Using an in-depth case example of a patient he calls "Major B," Dr. Carr was able to impress upon the audience the complexity of the experiential world of a severely traumatized Major in the Air Force, as they worked together on the critical issues of guilt and shame.

For Major B, it is not the violence he witnessed in Afghanistan that haunts him; it is his feelings about the violence he inflicted. He often maintained that, given the circumstances again, he would kill the same people, but that doesn't make it any more bearable. He has nightmares in which he can't stop killing people, and, seeing himself as an emotionless "killing machine," he's afraid that he won't recognize the difference between what is normal and what is a threat. According to Stolorow, when these unendurable emotions cannot be processed with others, these feelings become dissociated and the individual feels a sense of deadness, dullness and a loss of vitality, and it becomes difficult to feel any connection with other human beings.

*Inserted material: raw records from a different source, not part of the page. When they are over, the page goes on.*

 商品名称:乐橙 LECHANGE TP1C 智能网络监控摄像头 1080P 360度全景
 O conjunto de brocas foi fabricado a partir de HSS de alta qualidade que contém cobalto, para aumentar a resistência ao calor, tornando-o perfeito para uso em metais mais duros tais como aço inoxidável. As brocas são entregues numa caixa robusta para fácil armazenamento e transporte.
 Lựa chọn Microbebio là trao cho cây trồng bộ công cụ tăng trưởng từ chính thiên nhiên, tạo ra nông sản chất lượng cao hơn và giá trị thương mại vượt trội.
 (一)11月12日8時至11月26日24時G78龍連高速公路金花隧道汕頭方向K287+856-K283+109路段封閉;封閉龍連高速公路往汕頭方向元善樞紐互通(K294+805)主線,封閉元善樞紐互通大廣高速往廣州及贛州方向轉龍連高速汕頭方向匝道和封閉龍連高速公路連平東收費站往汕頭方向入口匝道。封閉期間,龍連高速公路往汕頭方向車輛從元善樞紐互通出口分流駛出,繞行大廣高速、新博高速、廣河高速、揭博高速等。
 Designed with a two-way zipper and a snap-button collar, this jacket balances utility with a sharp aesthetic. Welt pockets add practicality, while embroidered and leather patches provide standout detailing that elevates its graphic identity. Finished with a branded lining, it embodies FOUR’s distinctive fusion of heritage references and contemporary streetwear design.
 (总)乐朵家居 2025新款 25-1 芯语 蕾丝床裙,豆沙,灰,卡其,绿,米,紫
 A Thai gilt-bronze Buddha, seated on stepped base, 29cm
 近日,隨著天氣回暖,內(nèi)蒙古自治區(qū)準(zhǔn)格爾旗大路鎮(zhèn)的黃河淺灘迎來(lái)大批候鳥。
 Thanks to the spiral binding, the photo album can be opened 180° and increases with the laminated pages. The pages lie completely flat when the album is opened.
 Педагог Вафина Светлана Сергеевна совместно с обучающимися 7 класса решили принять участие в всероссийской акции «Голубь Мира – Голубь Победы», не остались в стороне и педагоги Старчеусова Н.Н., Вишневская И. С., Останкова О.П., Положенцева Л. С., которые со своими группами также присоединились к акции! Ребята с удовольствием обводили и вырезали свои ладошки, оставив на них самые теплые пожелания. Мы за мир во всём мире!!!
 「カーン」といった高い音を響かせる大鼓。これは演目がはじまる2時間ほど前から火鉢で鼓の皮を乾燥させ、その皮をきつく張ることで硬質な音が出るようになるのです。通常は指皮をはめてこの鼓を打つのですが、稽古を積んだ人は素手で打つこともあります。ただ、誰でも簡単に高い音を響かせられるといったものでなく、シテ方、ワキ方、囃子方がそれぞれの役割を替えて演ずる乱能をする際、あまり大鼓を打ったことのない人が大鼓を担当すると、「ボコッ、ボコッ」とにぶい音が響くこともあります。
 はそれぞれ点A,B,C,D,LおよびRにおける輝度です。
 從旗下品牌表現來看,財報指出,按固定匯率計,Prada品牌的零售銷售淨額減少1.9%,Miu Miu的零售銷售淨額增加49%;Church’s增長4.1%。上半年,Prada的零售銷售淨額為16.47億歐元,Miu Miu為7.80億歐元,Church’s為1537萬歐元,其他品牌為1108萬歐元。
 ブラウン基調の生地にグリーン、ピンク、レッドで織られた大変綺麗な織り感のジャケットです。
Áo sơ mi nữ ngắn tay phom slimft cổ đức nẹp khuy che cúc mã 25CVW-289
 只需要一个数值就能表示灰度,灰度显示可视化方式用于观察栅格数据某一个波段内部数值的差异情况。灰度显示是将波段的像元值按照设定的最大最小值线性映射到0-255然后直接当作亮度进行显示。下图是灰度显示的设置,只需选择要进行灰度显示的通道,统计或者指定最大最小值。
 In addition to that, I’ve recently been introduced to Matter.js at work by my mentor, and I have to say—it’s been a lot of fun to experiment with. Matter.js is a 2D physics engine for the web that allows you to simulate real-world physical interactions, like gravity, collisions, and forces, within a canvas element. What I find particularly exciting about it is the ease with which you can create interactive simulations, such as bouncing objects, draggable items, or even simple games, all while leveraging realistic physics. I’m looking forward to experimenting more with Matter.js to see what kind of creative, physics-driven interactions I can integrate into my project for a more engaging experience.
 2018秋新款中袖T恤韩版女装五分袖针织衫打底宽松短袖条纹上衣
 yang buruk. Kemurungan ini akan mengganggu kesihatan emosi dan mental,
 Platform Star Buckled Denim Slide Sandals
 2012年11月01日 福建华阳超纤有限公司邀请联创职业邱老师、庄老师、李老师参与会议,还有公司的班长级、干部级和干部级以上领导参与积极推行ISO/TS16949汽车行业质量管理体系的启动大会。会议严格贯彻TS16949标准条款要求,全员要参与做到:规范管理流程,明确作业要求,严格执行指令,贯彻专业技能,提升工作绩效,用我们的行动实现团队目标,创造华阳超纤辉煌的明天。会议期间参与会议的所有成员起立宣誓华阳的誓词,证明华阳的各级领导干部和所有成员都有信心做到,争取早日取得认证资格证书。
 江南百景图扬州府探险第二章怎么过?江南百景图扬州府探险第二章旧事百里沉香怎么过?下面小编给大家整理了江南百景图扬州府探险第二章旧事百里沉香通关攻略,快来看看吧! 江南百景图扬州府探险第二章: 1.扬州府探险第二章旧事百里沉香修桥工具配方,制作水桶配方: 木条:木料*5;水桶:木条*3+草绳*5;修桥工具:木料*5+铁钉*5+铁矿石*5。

As if these feelings of guilt were not difficult enough, the feelings of shame are even more painful. The worst part for Major B was his feeling that he couldn't handle combat and that he needed help with the unbearable emotions from it. Before he met Dr. Carr, he believed he could not seek out other people to help him bear and process his feelings about killing large numbers of people. In his mind, he was supposed to maintain the persona of the stoic tough guy whom nothing bothered. Before he began to wrestle with the emasculating experience of admitting to his problems, and then seeking help, he turned to "Dr. Alcohol" and the comforting thought of committing suicide as antidotes to the feeling that he had lost his mind in Afghanistan.

Dr. Carr states:


By providing a relational home to the traumatic experiences of many combat veterans, I understand the guilt and shame that many of them feel. I understand why some severely traumatized veterans feel as if they deserve to die, why they feel more at ease sleeping under a bridge than rejoining the communities they fought to defend. And through my work, I understand better my own feelings of alienation from the rest of America after participating in a decade of military campaigns since 9/11.

I feel profoundly privileged to have witnessed this important event in which the field of psychoanalysis has broken ground in the treatment of military personnel. Dr. Carr, whom I consider to be a national treasure, received a tearful and extended standing ovation from a large and seasoned group of psychoanalysts, who never imagined that the words "military" and "psychoanalysis" would be uttered in the same sentence! My hope is that Dr. Carr's work will receive the acknowledgement it deserves, and that his methods can be implemented throughout the military to bring our wounded warriors the sense of hope that many of them have lost.

Interested readers can find Dr. Russell Carr's article "Combat and human existence: Toward an intersubjective approach to combat-related PTSD" in Psychoanalytic Psychology Volume 28, Issue 4 (Oct. 2011), pages 471-496.